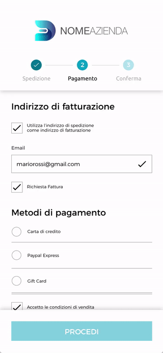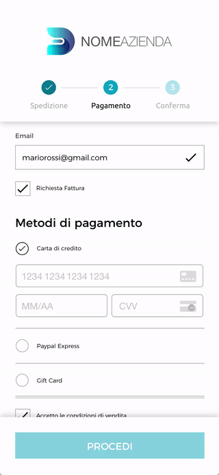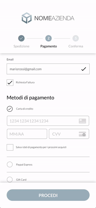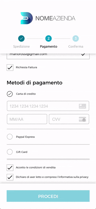 Con In-App il cliente potrà completare l'acquisto direttamente nella tua App, in maniera semplice e veloce.
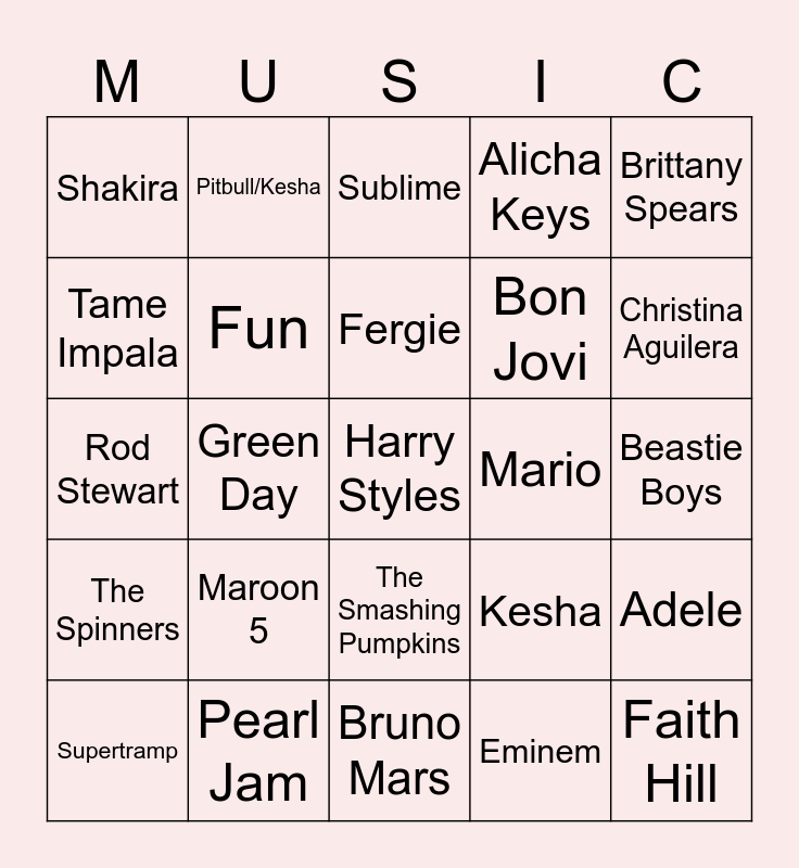 This bingo card has 50 words: OneRepublic, Harry Styles, Billy Eilish, Bruno Mars, Maroon 5, Megan Trainor, Pitbull/Kesha, Twenty-One Pilots, Tame Impala, Justin Timberlake/JAY-Z, Fun, Alicha Keys, Adele, Kesha, Flo-Rida, Rihanna, Fergie, Mario, 50 Cent, Brittany Spears, Green Day, Eminem, Shakira, Bon Jovi, Destiny's Child, Faith Hill, Christina Aguilera, New Radicals, Sublime, The Smashing Pumpkins, TLC, Beck, Lenny Kravitz, Billy Ray Cyrus, Pearl Jam, Billy Idol, R.E.M., Bobby Brown, Def Leppard, Beastie Boys, Bangles, Michael Jackson, The Police, Queen, Supertramp, Rod Stewart, Heart, ABBA, The Spinners and Jim Croce.
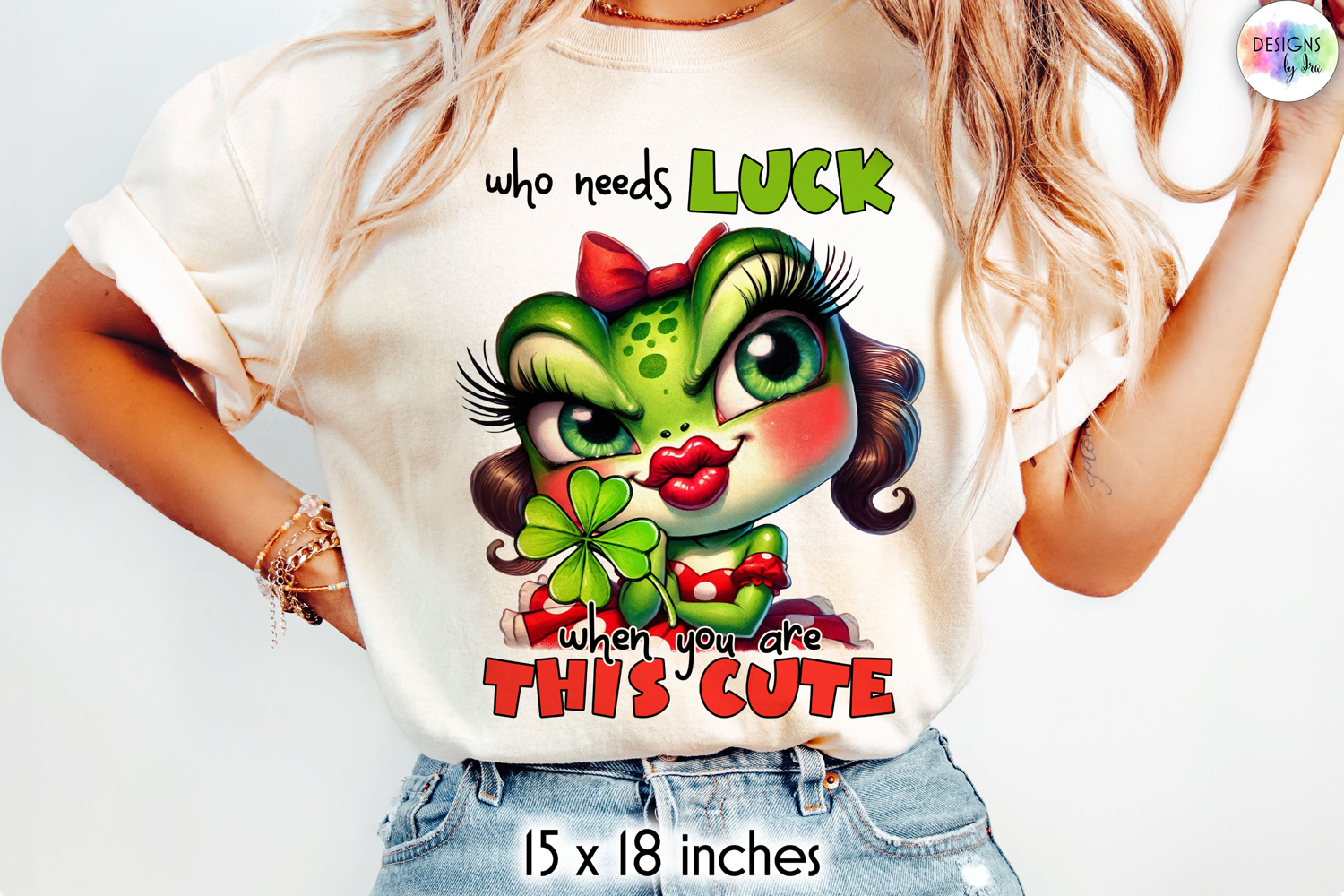 Lucky Clover Cute Frog Frog Illustration Who Needs Luck St Patrick Design Cartoon Frog Girly Frog Frog Girl St Patrick Cute Irish Cute
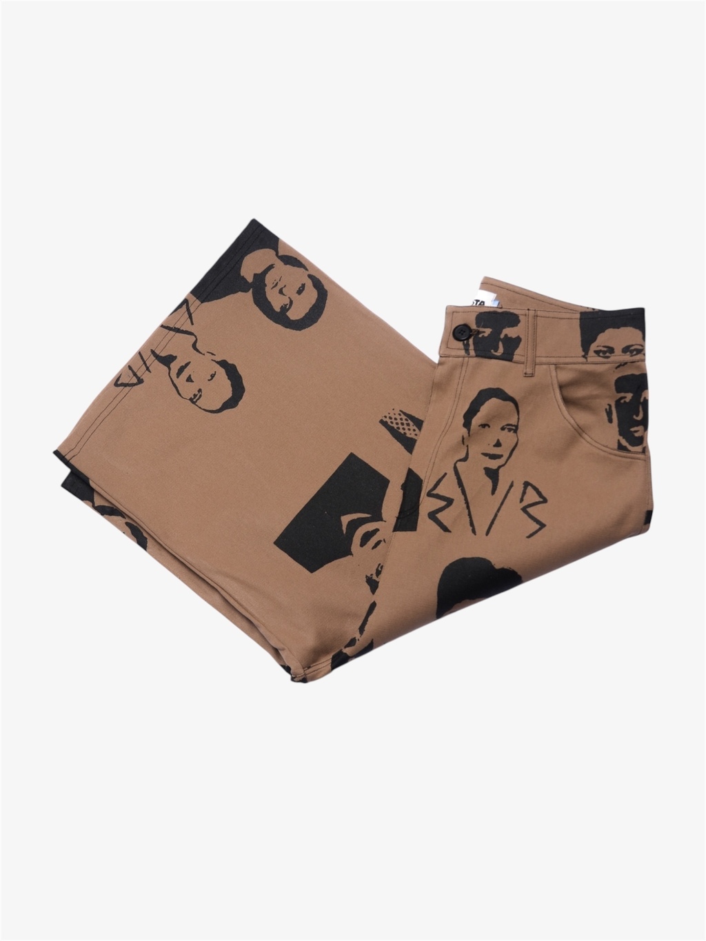 BERMUDA EN GABARDINA ARENA PESADA CON ESTAMPA SERIGRAFICA NEGRA DE ROSTROS DE TRABAJADORES Y TRABAJADORAS DE LA COOPERATIVA INDUSTRIAL TEXTIL ARGENTINA
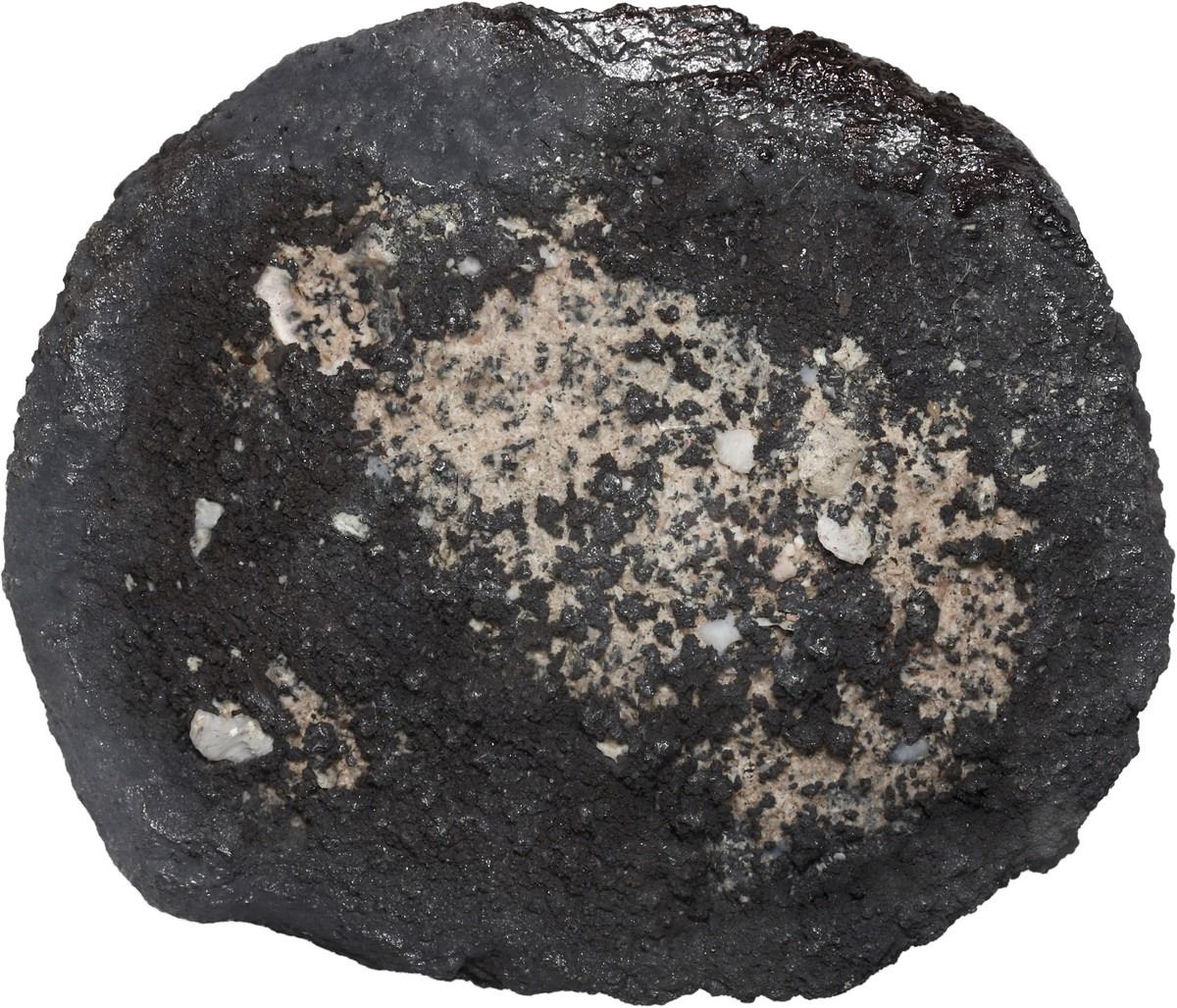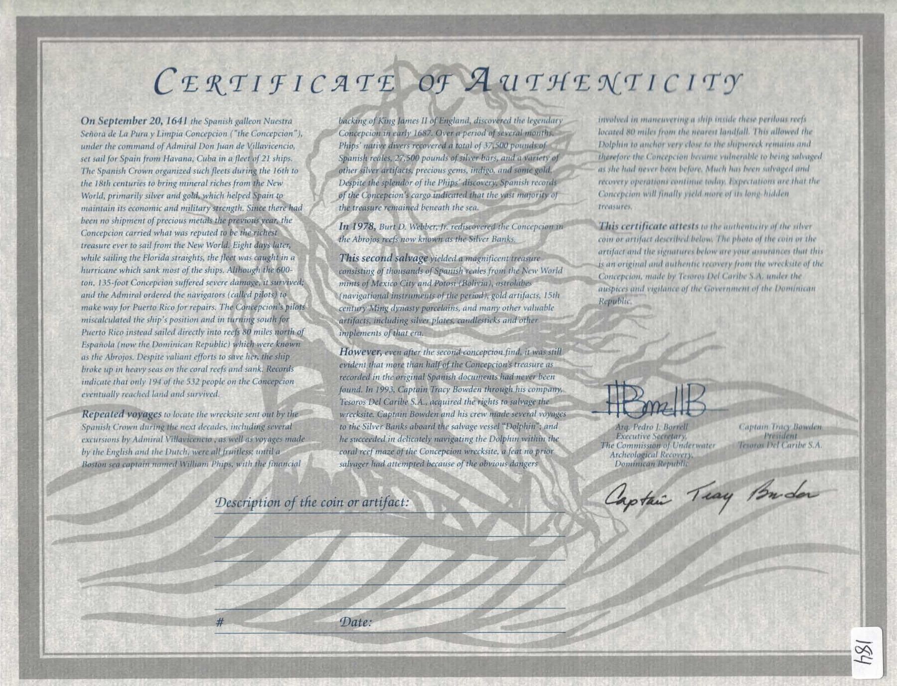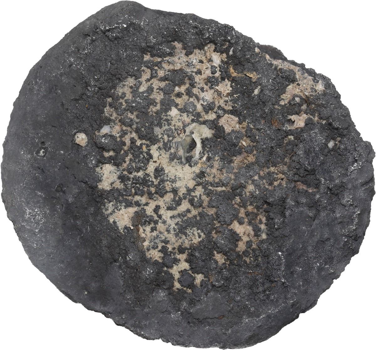 SPANISH COLONIAL, mint uncertain, cob 8 reales "biscuit," oxidized and encrusted (as found). 26.58 grams total. Thick black oxidation impregnated on both sides with tiny whitish shell-bits and other debris, small part of thin edge of coin exposed. With original certificate from Captain Tracy Bowden through his contract with the Dominican Republic. Recovered from: Concepción, sunk in 1641 off Hispaniola
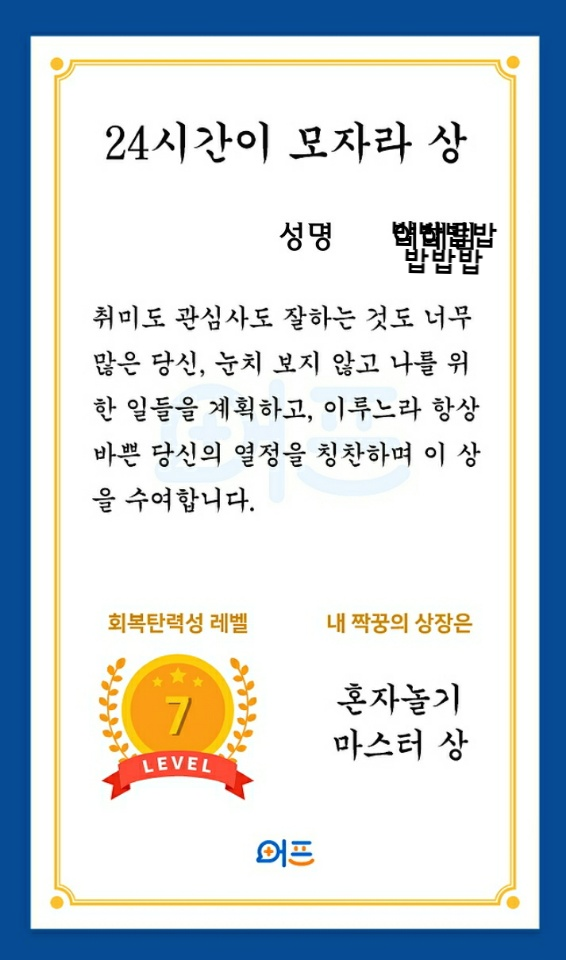 2020 어프 성격 시상식 - 회복탄력성 테스트 (링크 있음) 본문

--

→ **WHAT YOU WILL DO**:
Each line from the one holding "SPANISH COLONIAL, mint" to the end of the records above must be copied exactly; the pictures must not be copied.

→ **REPLY TO THE TASK**:
 SPANISH COLONIAL, mint uncertain, cob 8 reales "biscuit," oxidized and encrusted (as found). 26.58 grams total. Thick black oxidation impregnated on both sides with tiny whitish shell-bits and other debris, small part of thin edge of coin exposed. With original certificate from Captain Tracy Bowden through his contract with the Dominican Republic. Recovered from: Concepción, sunk in 1641 off Hispaniola
 2020 어프 성격 시상식 - 회복탄력성 테스트 (링크 있음) 본문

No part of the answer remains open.